PROBLEM. Instruction for the entries that follow: retype exactly the lines from the line with "Koszt zadania ok. 8 tys. zł" to the line with "A fotografia mostra-nos", both included, and omit all others.

RECORD SET.
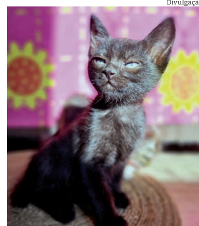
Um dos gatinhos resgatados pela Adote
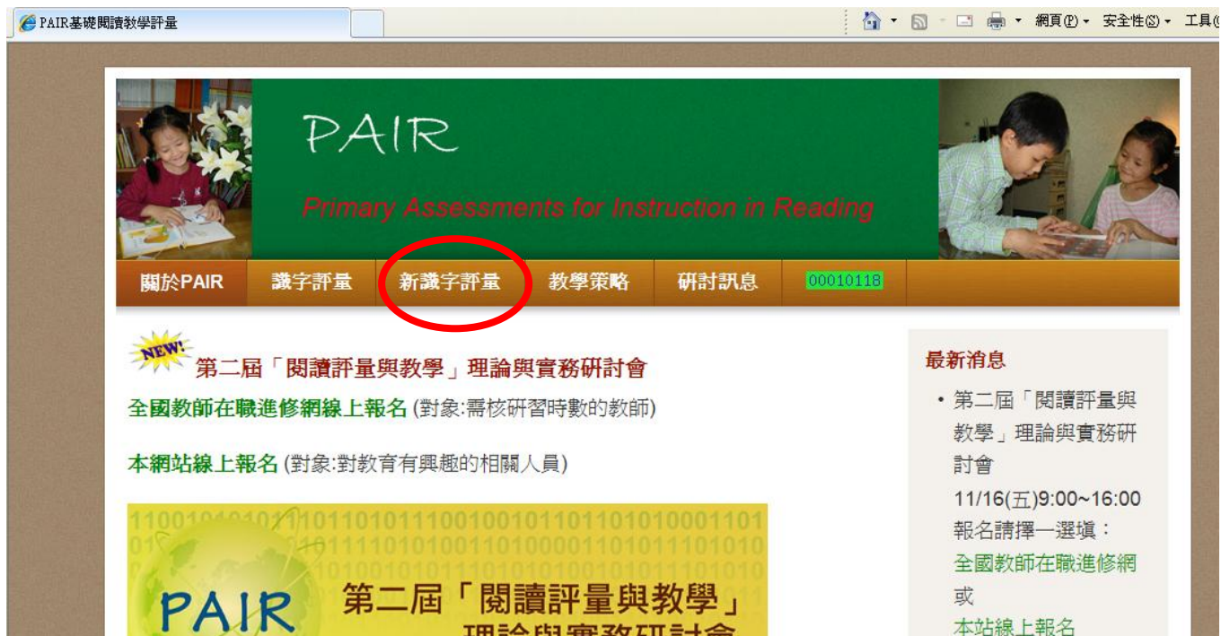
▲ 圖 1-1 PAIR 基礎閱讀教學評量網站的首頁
---
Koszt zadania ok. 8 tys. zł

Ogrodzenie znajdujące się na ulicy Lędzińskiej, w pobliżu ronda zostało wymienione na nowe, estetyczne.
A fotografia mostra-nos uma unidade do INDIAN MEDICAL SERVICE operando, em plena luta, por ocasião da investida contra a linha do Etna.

RESULT FOR THIS TASK.
Koszt zadania ok. 8 tys. zł

Ogrodzenie znajdujące się na ulicy Lędzińskiej, w pobliżu ronda zostało wymienione na nowe, estetyczne.
A fotografia mostra-nos uma unidade do INDIAN MEDICAL SERVICE operando, em plena luta, por ocasião da investida contra a linha do Etna.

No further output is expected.